Management Actively managed or passively managed, with continuous investment inflows. Actively managed, with a fixed capital base and no inflows after the IPO.
Investment Period Open-ended investors can invest or redeem at any time. Closed-ended investors must hold until the fund is liquidated or sold on the exchange.
Minimum Investment Lower minimum investment requirements. There may be higher minimum investments due to initial public offerings (IPOs).
Risk and Volatility Lower volatility, as it directly tracks the NAV. Higher volatility due to market price fluctuations based on supply and demand.
Management Fees Generally lower management fees for passively managed funds. Typically, higher management fees are due to active management and trading.
Tax Implications Investors may face capital gains taxes when they redeem shares. Taxable events occur based on the sale or transfer of shares on the stock exchange.

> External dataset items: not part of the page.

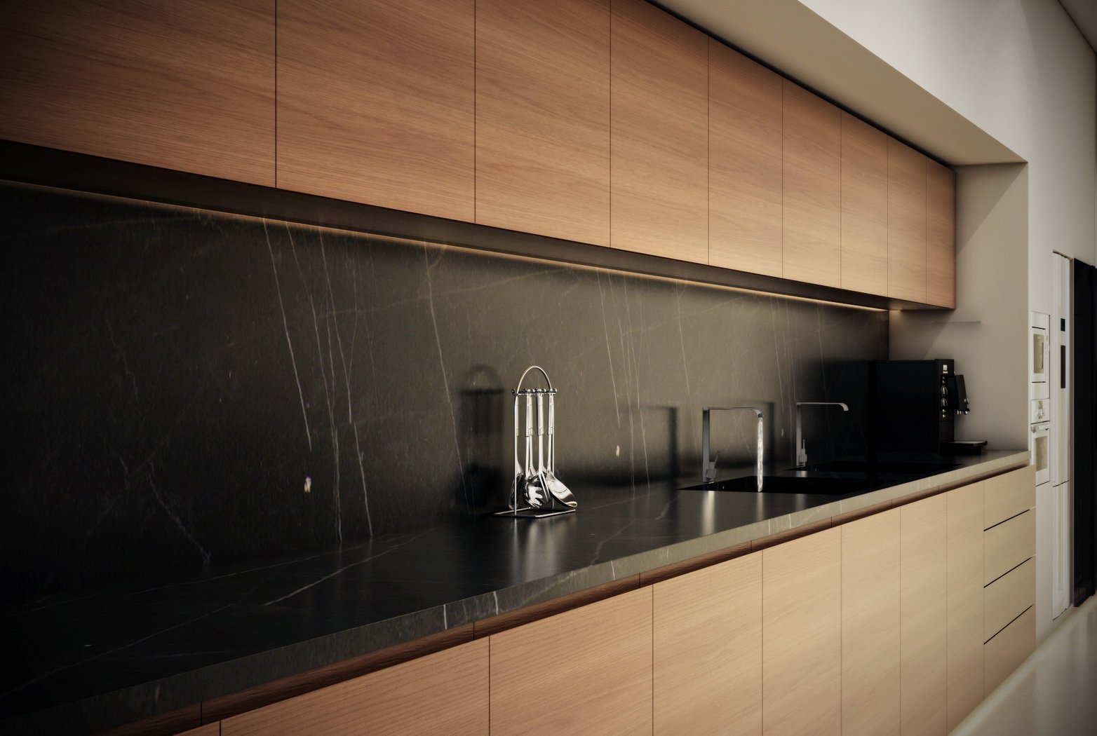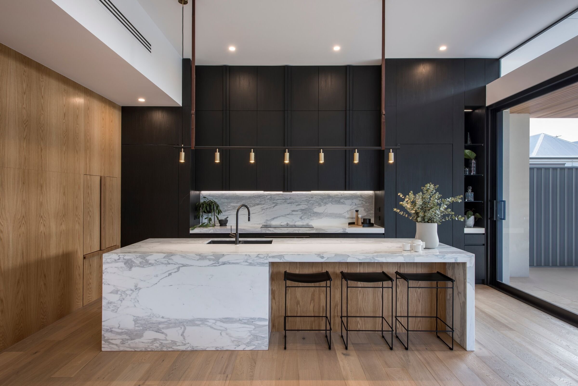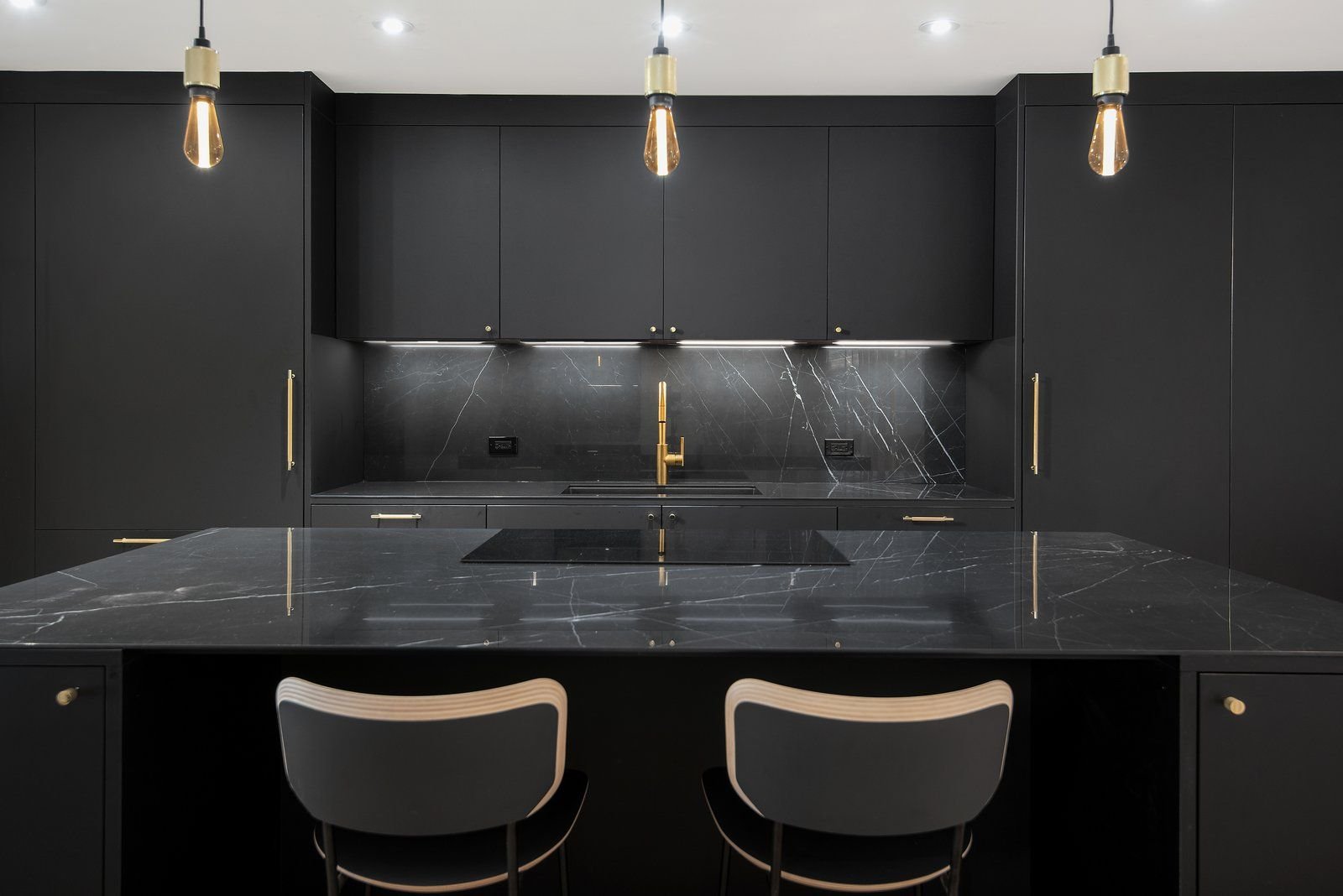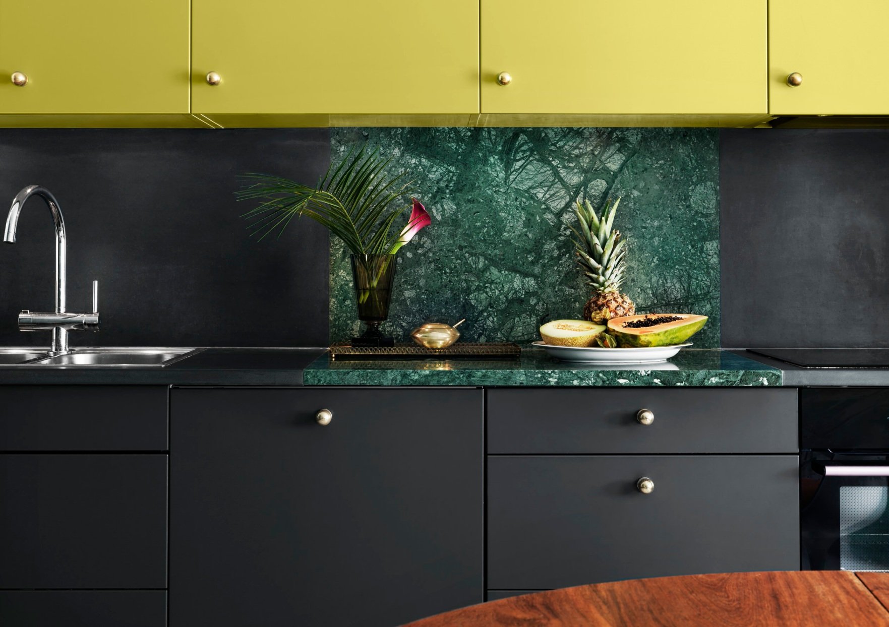 Черная мраморная кухня в интерьере
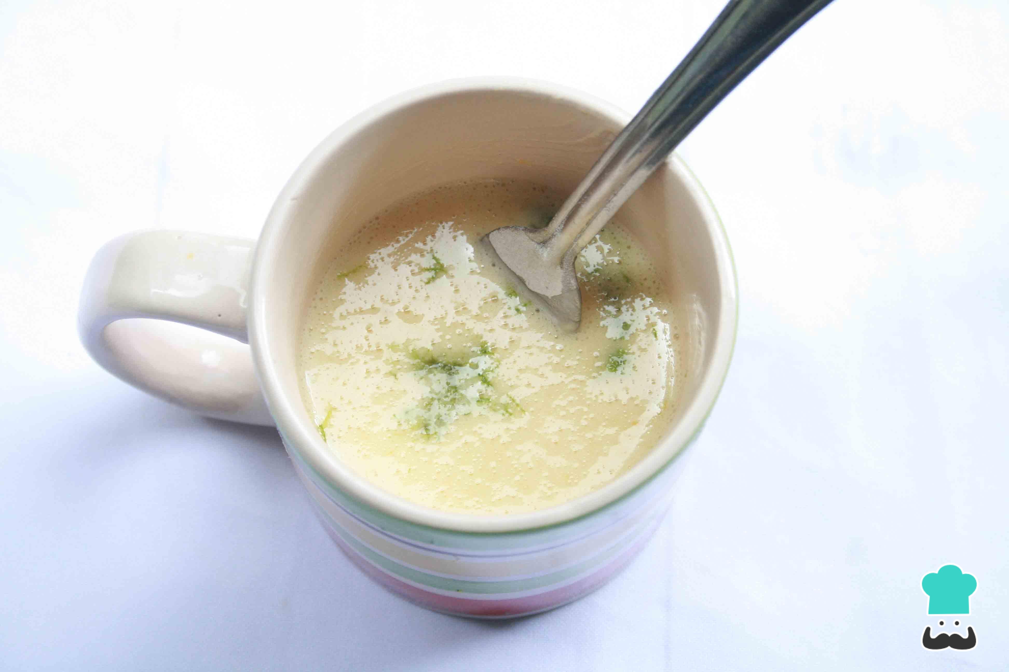 Por fim, adicione a raspa e o suco de limão na xícara e mexa bem. Pronto para cozinhar: leve este bolo de limão de caneca por 2 minutos no microondas em potência máxima e observe o bolinho crescendo!
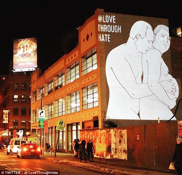 එසේම එය #Lovethroughhate යන හැෂ්ටැග් සහිතව එය ප්රචාරය කර තිබූ අතර ඇමරිකාවේ නිව්යෝර්ක්හි සමලිංගිකයින් වාසය කරන චෙල්සා ප්රදේශයේත් 14th Street හා 8th Avenue හිත් මෙය මුලින්ම දිස්වූ බවත් පසුව ස්ථාන රාශියක දර්ශනය කර ඇති බවත් වාර්තා විය.
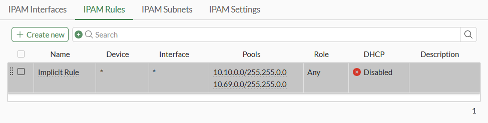 Once subnets are added, they are automatically included in the implicit IPAM rule called Implicit Rule. This rule encompasses all subnets with the role set to ANY and DHCP disabled. The Implicit Rule cannot be edited or deleted.
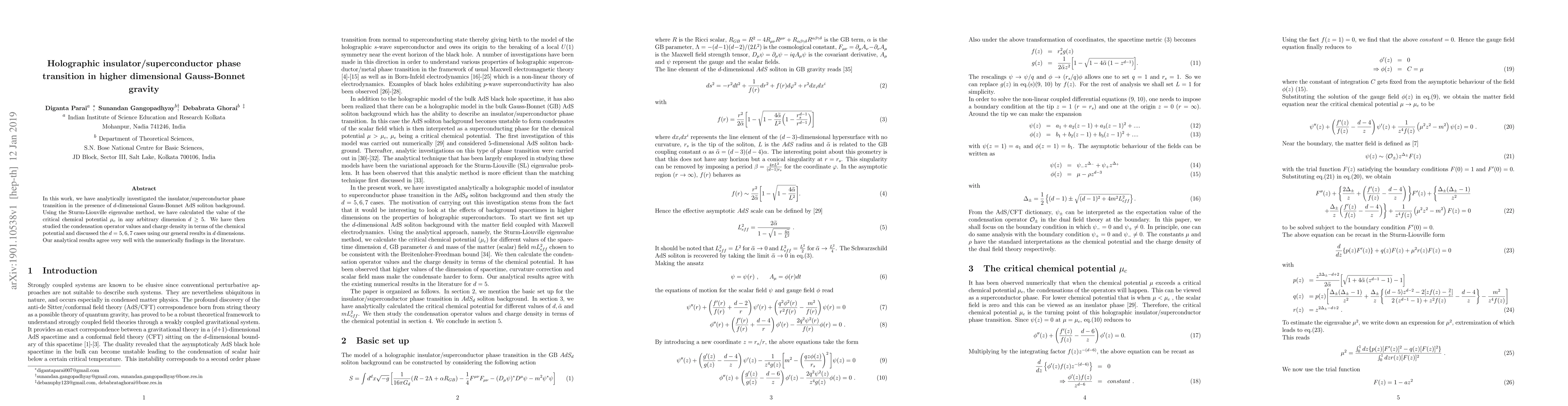 This paper analytically investigates the insulator/superconductor phase transition in higher-dimensional Gauss-Bonnet gravity, calculating the critical chemical potential $\mu_c$ using the Sturm-Liouville method. The study discusses the $d=5, 6, 7$ cases, finding agreement with numerical results in the literature.
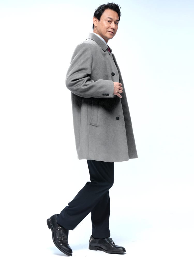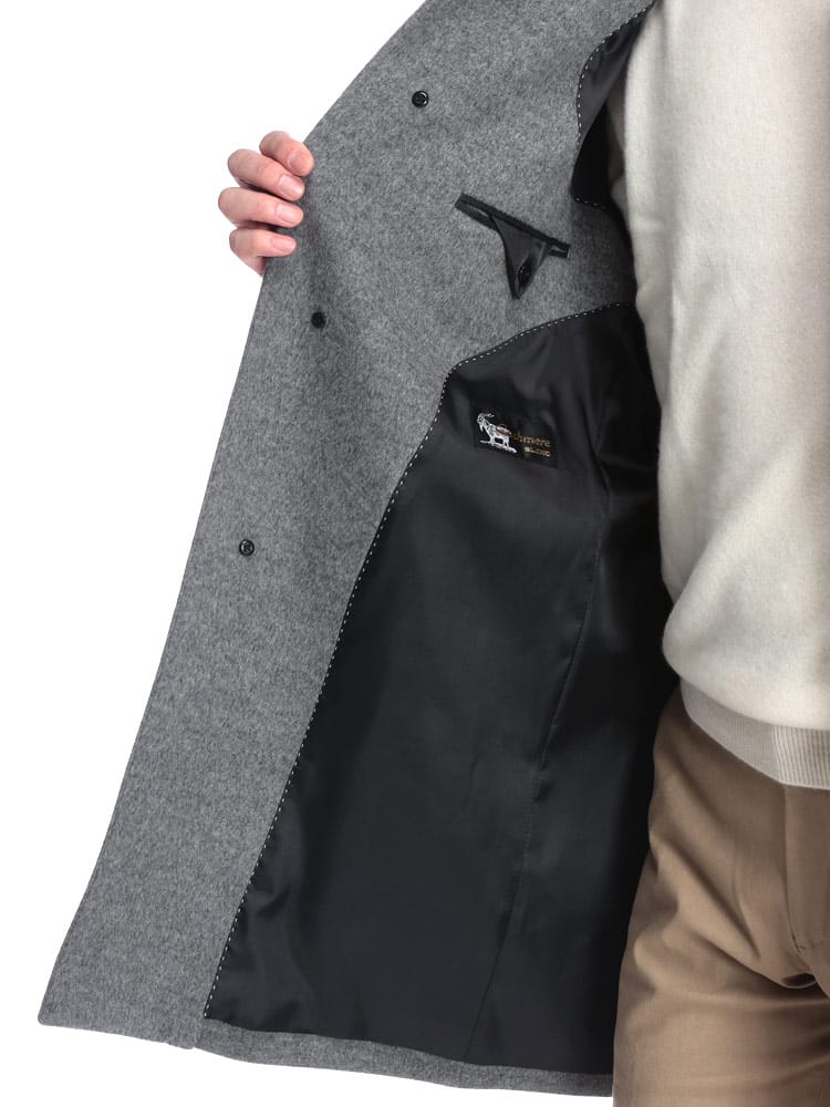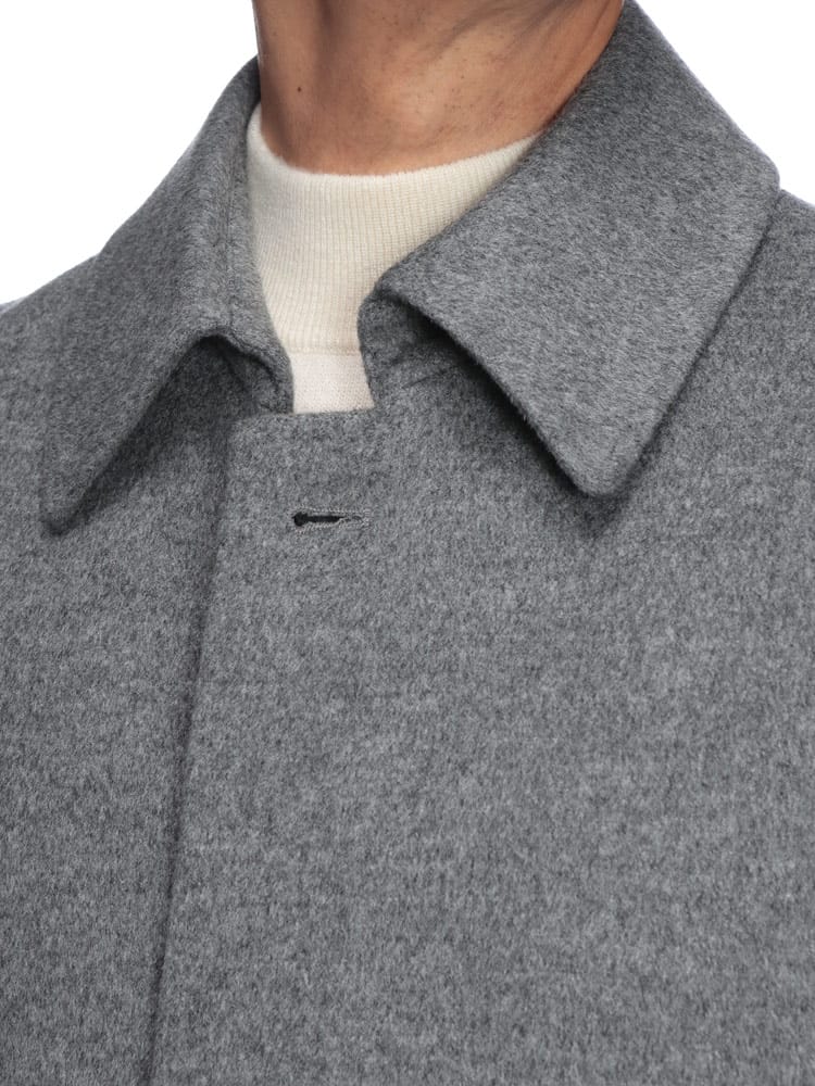 ウールをメイン素材とし、カシミヤとアンゴラをブレンドしたセッティングハーフコートは、暖かさと柔らかさを兼ね備えています。セッティングハーフは、着丈が腰までのコートを指し、この組み合わせの素材は、上品な質感と独特の光沢感を持っています。冬の寒さを快適に過ごすためのスタイリッシュな選択です。
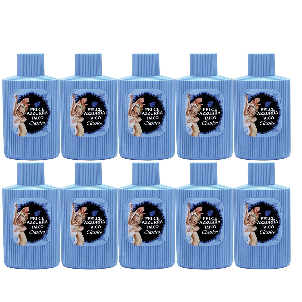 Experience the timeless Felce Azzurra Classico fragrance with this value pack of 10 talcum powder shakers. Each 200g shaker delivers a soft, silky powder that freshens skin after bathing and leaves a classic aromatic scent.
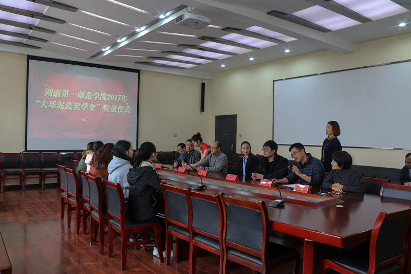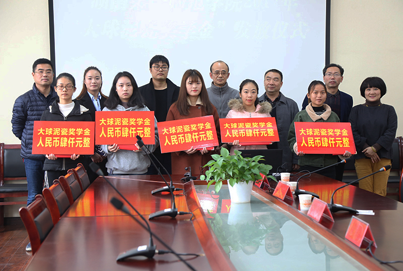 11月28日,大球泥瓷藝受邀參加湖南第一師范學院2017年“大球泥瓷獎學金”發放儀式,常務副總張萍、副總楊振偉出席了此次活動。
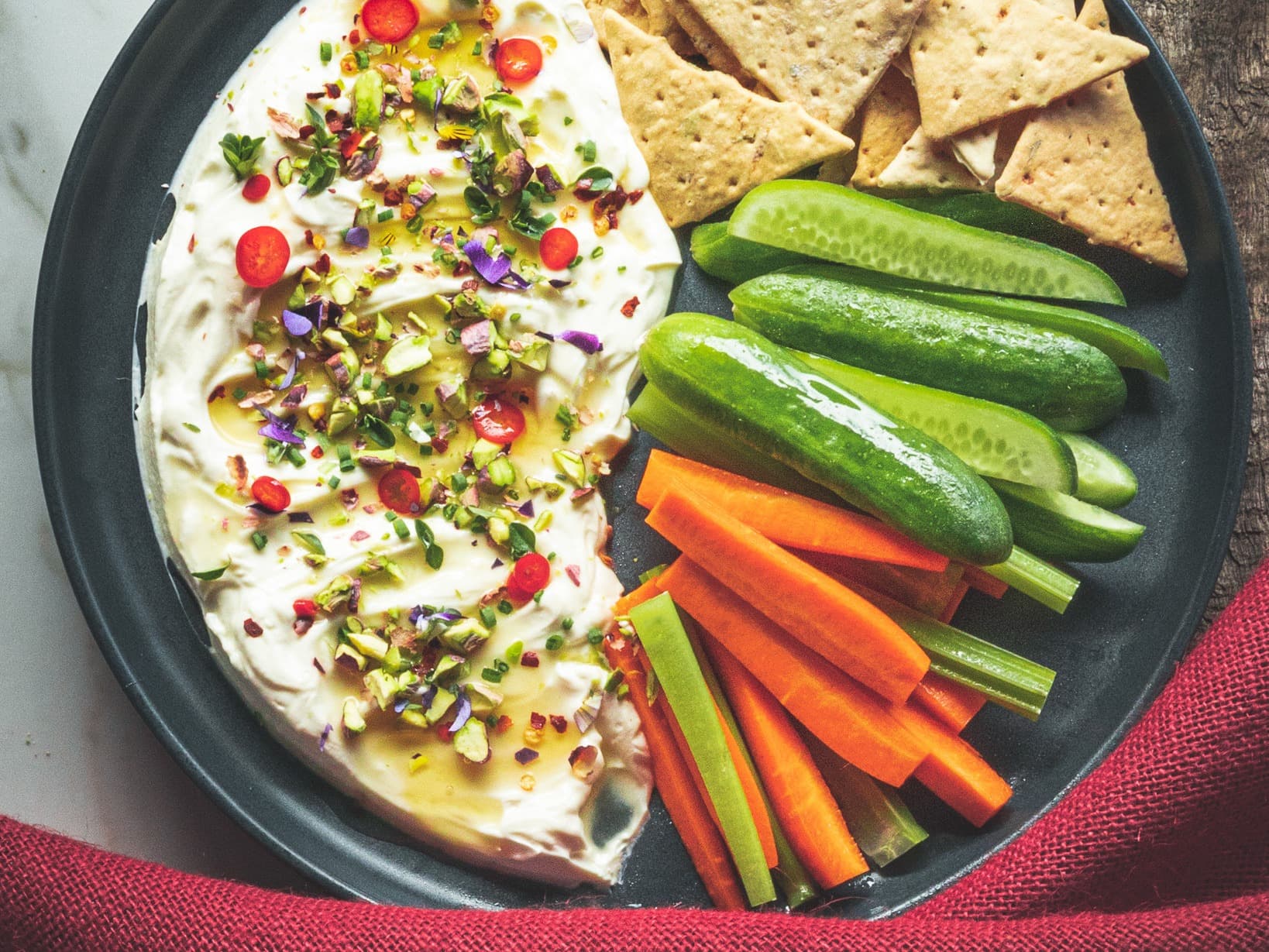 This is one of my favourite dips and being on a dairy farm I am lucky enough to be able to make my own feta and whip this little bowl of goodness up. It pairs with any other items you have on a mezza board and comes with Fig & Olive crackers and fresh vegetable crudités. All you have to do is lay it out on a board and enjoy. Small: 125g dip serves 2-3 adults Medium: 250g serves 4-5 adults

Advantages of Open-End and Closed-End Mutual Funds

Open-end and closed-end mutual funds differ in terms of investment advantages. The key advantages of each are given below:

Advantages Open-end Mutual Fund Closed-end Mutual Fund
Professional Management A professional management company manages these funds that would give good quality management and good exposure to the underlying securities. Expert managers pick the best portfolios for efficient return maximisation over an investment term.
Diversification Invested in different assets, spreading risk all over sectors and industries, capping loss when some securities fall behind. Not explicitly, but it can be structured for diversification.
Easy Access Low minimum investments, accessible to each one, and offers systematic investment through SIPs. Not applicable as investments are made in a fixed number of shares at launch.
Transparency Regular updates on holdings, performance, and fund fees help investors align with their objectives. Prices are determined by market demand and supply, and they are traded at a premium or discount to NAV.
Economies of Scale Taps resources pooled from several investors. This enhances expanded portfolios, lowering trading costs. This ensures low expenses. Directly not available, but with fixed capital, benefits are evident.
Higher Return Potential Investors benefit from steady growth and fund performance. Potential to buy shares at a discount and sell at a premium for enhanced returns.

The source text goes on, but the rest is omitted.